Ppl just aren't as funny as we are
Did you hallucinate the same white buffalo that I did last night.
No, but I did see you shaking hands with a homeless man.
Another f*ing night of vodka youporn and xanax. I need to get a goddamn life
3 great things that go great together... But not on a Friday night. Perfect on say... a Tuesday.
What happened last night?
You soiled yourself again and told everybody that you'd given birth.
If he doesn't notice me by the next party, i'm just gonna go up to him and pll his pants down and blow him.
Sounds like a plan.
it wasn't sex, it was awkward naked time.
I woke up face first on my living room floor arms outstretched toward the christmas tree
We had sex in front of Notre Dame Cathedral, but I lost my wallet.
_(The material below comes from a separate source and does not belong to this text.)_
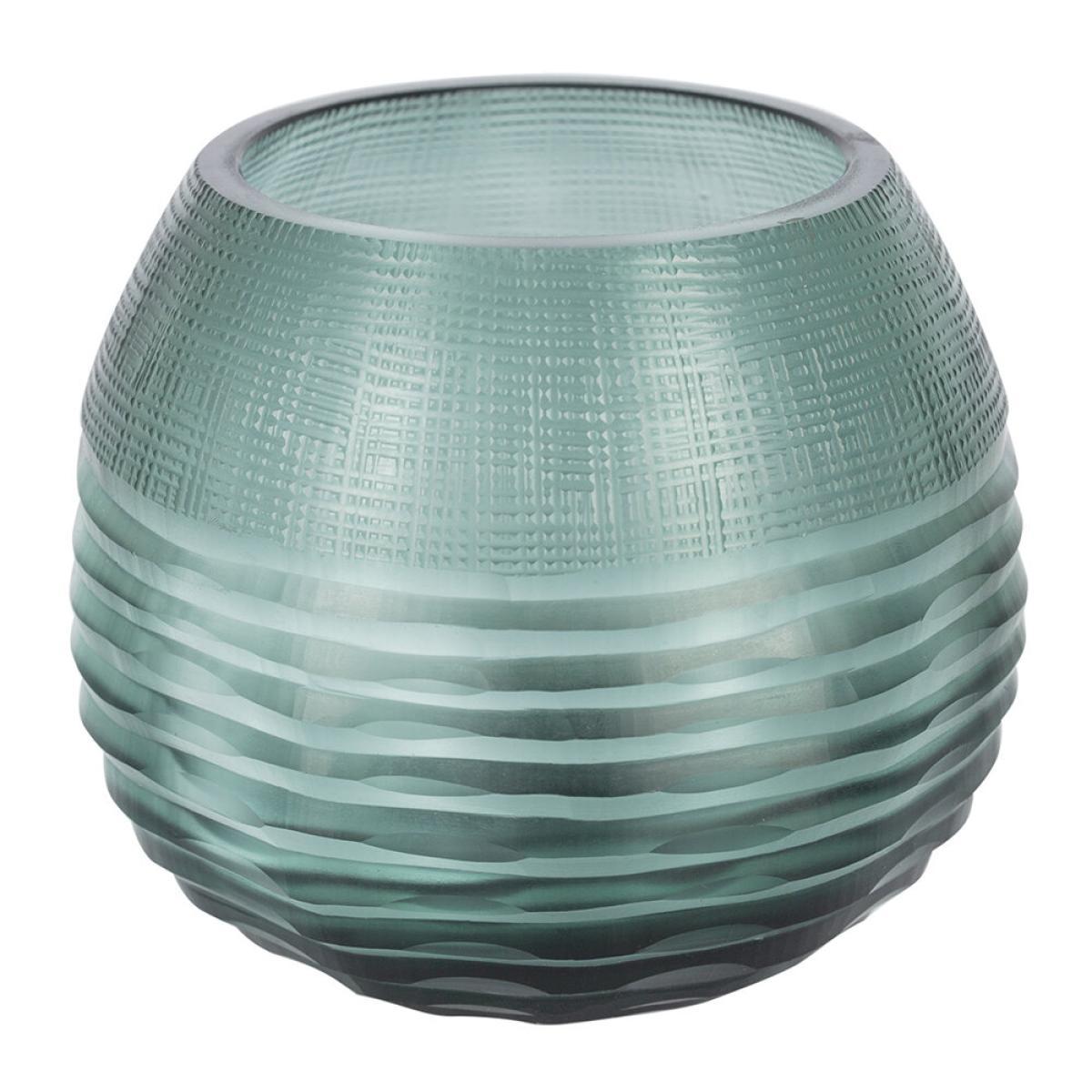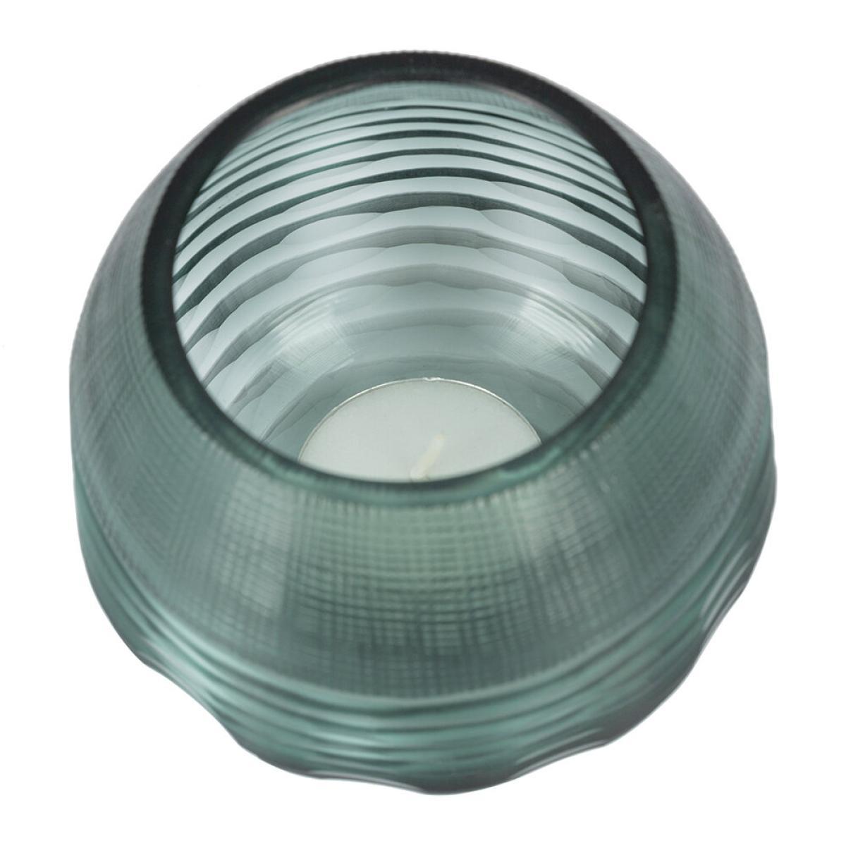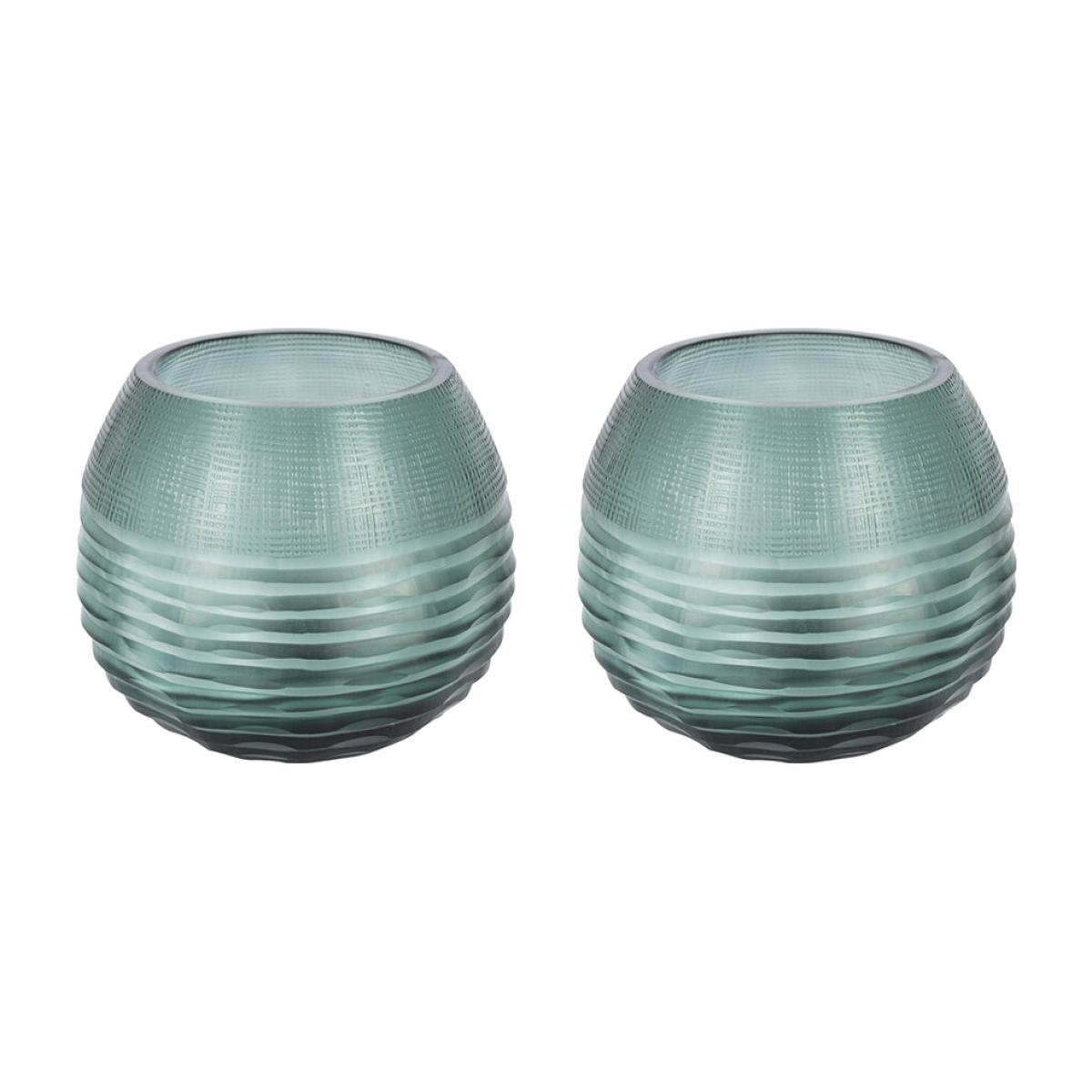 Retreat - Striped and Ribbed Glass Tealight Holder - Set of 2 - Green

God giveth and God taketh away.
i licked icing off his dick. in front of his sister.
What's standard gratutity for someone having a miscarriage on stage at a strip club? It's important.
I sent him an 18 page sext. He's going to have a good morning.
i woke up soaking wet with shard of glass imbedded in my flesh dangerously close to my dick what happend?!!
BEER BOTTLE SWORD FIGHTHING!!
If she's over 40, she won't believe you if you say " I'm only going to put the head in"
I blew past the Governor's motorcade going twice the speed limit and DIDN'T get a ticket. God wants me to get laid.
There is an episode of "how it's made" on tv right now. The subject is tequila and water beds. Basically my life.